3. Role and regulation of nuclear β-catenin in mature neurons (Katarzyna Misztal, Andrzej Nagalski, Mateusz Ambrożkiewicz, and Nikola Brożko; supervisor: Marta B. Wiśniewska)
β-catenin participates in two distinct functions in a cell, serving as (i) a component of cadherin-based adherens junctions, and (ii) a gene expression regulator in canonical Wnt signaling as a cofactor of LEF1/TCF transcription factors. In the developing brain, nuclear β-catenin activates genes involved in the proliferation and differentiation of neuronal precursor cells. Interestingly, aberrant regulation of the Wnt pathway in the adult brain has been associated with neurodegenerative diseases and mood disorders.
However, the issue of the physiological role and regulation of the Wnt/β-catenin pathway in mature neurons is far from
resolved.
We recently demonstrated that, specifically in thalamic neurons of the adult brain, β-catenin is constitutively nuclear.
By exploring the mechanism of this phenomena, we found that neither disruption of the thalamic environment nor inhibition of Wnt/Dishevelled signal transduction affects nuclear levels of β-catenin in these cells, suggesting the existence of a mechanism that operates downstream of the WNT receptor. We reported that the β-catenin degradation rate is lower in thalamic neurons than in cortical neurons, which appears to be a consequence of low level of the β-catenin degradation complex (APC/AXIN1/GSK3β). Thus, the nuclear localization of β-catenin in thalamic neurons appears to be a cell-autonomous and cell-intrinsic feature (Misztal, Wisniewska, Ambrozkiewicz, Kuznicki, under revision).

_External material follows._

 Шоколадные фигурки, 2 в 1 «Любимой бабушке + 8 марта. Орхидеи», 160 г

We also showed that β-catenin, together with LEF1 transcription factor, regulates the Cacna1g gene, encoding the Cav3.1 T-type calcium channel subunit that contributes to electrical signal propagation in thalamic neurons and is involved in epilepsy (Wisniewska et al., J Neurosci 2010). Our main goal is to further identify new β-catenin-LEF1/TCF target genes, specific for neurons, which may help understand the role of nuclear β-catenin in the adult brain.

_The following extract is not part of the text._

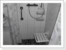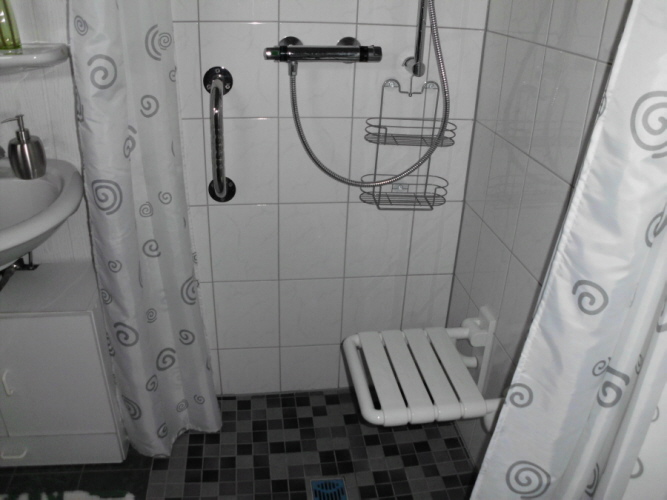 Die Dusche ist ebenerdig, und bei Bedarf kann das Duschbad auch in einer angenehmen Sitzposition vorgenommen werden. Am WC befindet sich ein Stützgriff.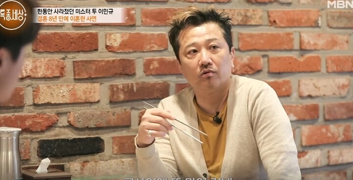 이민규는 방송을 통해 이혼 사실을 고백했다. “결혼 8년 만에 이혼했다”는 그는 혼자 사는 집을 공개하며 이별의 아픔을 이야기했다. 그가 털어놓은 이혼의 원인은 단순히 부부 간의 문제가 아닌 장인 장모와의 갈등에서 비롯된 것이라고 밝혔다. 결혼 생활 내내 쌓여왔던 감정의 골이 시간이 지나면서 점점 깊어졌고, 결국 극복하지 못한 채 이혼이라는 결론에 이르게 되었다고 전했다.

We perform in silico analyses (e.g., screening of conserved noncoding sequences for transcription factor motifs) and analyses of spatially correlated gene expression in the brain.
These investigations are performed in collaboration with Dr. Michal Dąbrowski, Nencki Institute, Warsaw. We also use custom-designed PCR arrays to profile gene expression in the brain and adenovirus-transduced primary neurons (Fig. 3). To experimentally confirm the actual targets, we perform luciferase assays, footprinting, and chromatin immunoprecipitation.
Fig. 3. Localization of β-catenin in cortical neurons treated with LiCl and overexpressing LEF1/TCF7L2. Cortical primary cultures were labeled with β-catenin-specific mouse monoclonal antibody. (A) Control neurons. (B) Neurons treated with 10 mM LiCl. (C) Neurons transduced with LEF1 and TCF7L2 expressing adenoviruses and treated with 10 mM LiCl.